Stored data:
= = =

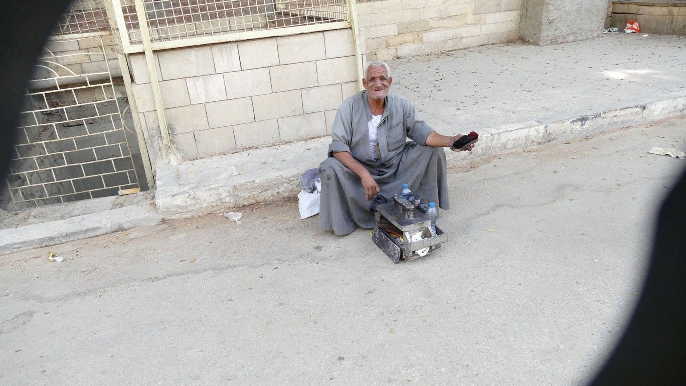 This old guy was shining shoes for a living.
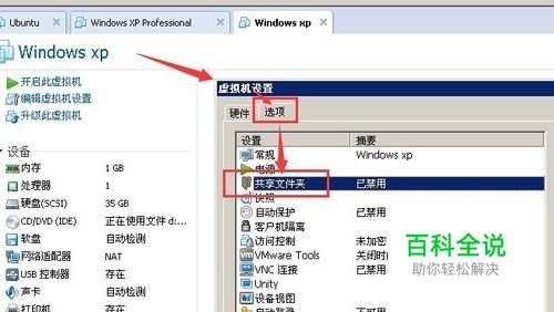 在对于的虚拟主机设置窗口下 依次点击【选项】--->【共享文件夹】,然后我们看到虚拟主机设置窗口的右侧。
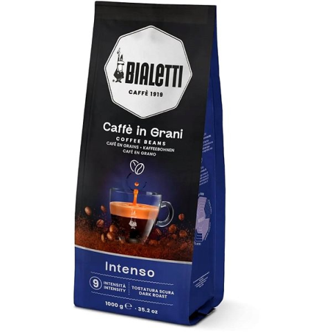 Kávé - szemes, kávéfajták keveréke, kakaó aroma, sötét, származási hely Olaszország, pörkölés helye Olaszország, csomag tömege 1100 g Bialetti Intenso szemes kávé1000 gA Bialetti Intenso szemes kávé sötét pörkölési profilt kínál. 50%-ban arabica és 50%-ban robusta kávé alkotja. Egyedülálló ízzel tűnik ki, amelyben a pirított kenyér
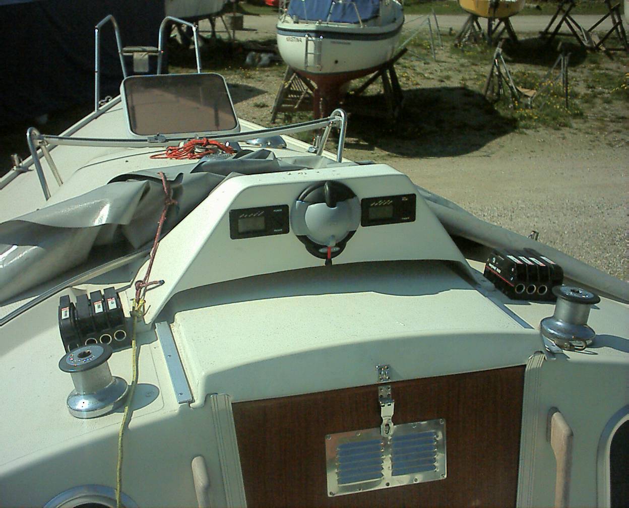 Jeg har lavet en støbeform til en instrumentbox der sidder over nedgangslugen på min fenix, der har jeg kompas log og lod siddende i og gps sidder oven på instrumentboxen. Den er lavet sådanne at det er box som du skærer til og sætter bund i og så skærer du huller i den til de instrumenter som du skal have. den er selvfølgelig lavet i glasfiber og med samme farve som båden. Jeg skal prøve at finde et billede hvis det har nogen interesse. Hvis du har forstand på glasfiberarbejde kan du låne formen.
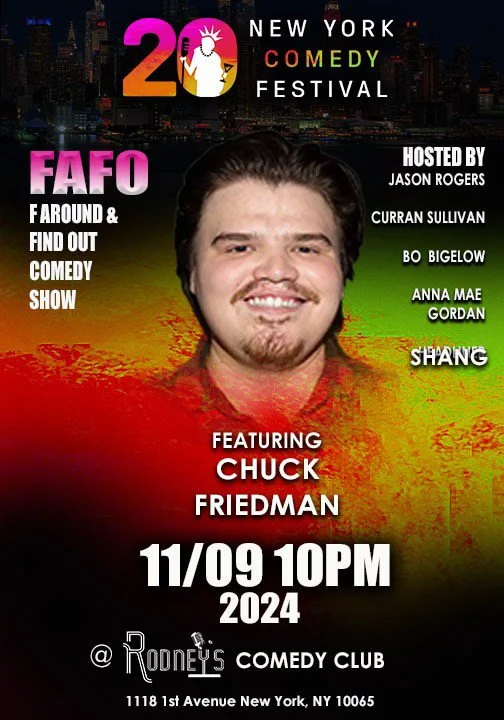 Chuck Friedman is a stand up comedian as seen at The Comedy Store, Hollywood Improv and Gotham Comedy Club. He also featured in NY Comedy Fest (2024). His comedic style blends sharp wit with absurd storytelling.
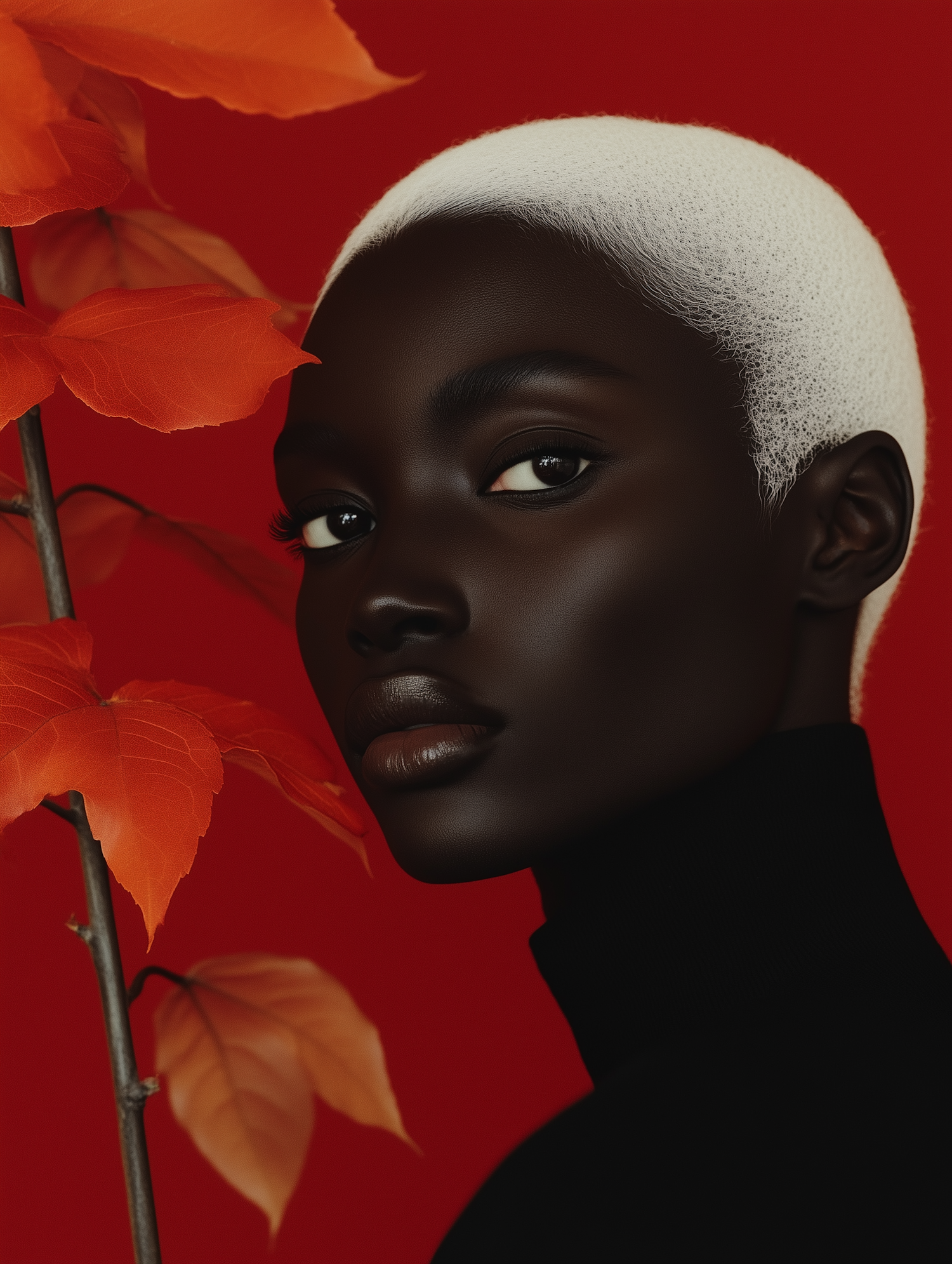 Striking portrait of a Black woman with white hair against a red background, featuring vibrant orange leaves. Bold and artistic composition.

= = =

**WHAT IS NEEDED:**
The records above need to be restated word for word, with the pictures left out.

**ANSWER BOX:**
 This old guy was shining shoes for a living.
 在对于的虚拟主机设置窗口下 依次点击【选项】--->【共享文件夹】,然后我们看到虚拟主机设置窗口的右侧。
 Kávé - szemes, kávéfajták keveréke, kakaó aroma, sötét, származási hely Olaszország, pörkölés helye Olaszország, csomag tömege 1100 g Bialetti Intenso szemes kávé1000 gA Bialetti Intenso szemes kávé sötét pörkölési profilt kínál. 50%-ban arabica és 50%-ban robusta kávé alkotja. Egyedülálló ízzel tűnik ki, amelyben a pirított kenyér
 Jeg har lavet en støbeform til en instrumentbox der sidder over nedgangslugen på min fenix, der har jeg kompas log og lod siddende i og gps sidder oven på instrumentboxen. Den er lavet sådanne at det er box som du skærer til og sætter bund i og så skærer du huller i den til de instrumenter som du skal have. den er selvfølgelig lavet i glasfiber og med samme farve som båden. Jeg skal prøve at finde et billede hvis det har nogen interesse. Hvis du har forstand på glasfiberarbejde kan du låne formen.
 Chuck Friedman is a stand up comedian as seen at The Comedy Store, Hollywood Improv and Gotham Comedy Club. He also featured in NY Comedy Fest (2024). His comedic style blends sharp wit with absurd storytelling.
 Striking portrait of a Black woman with white hair against a red background, featuring vibrant orange leaves. Bold and artistic composition.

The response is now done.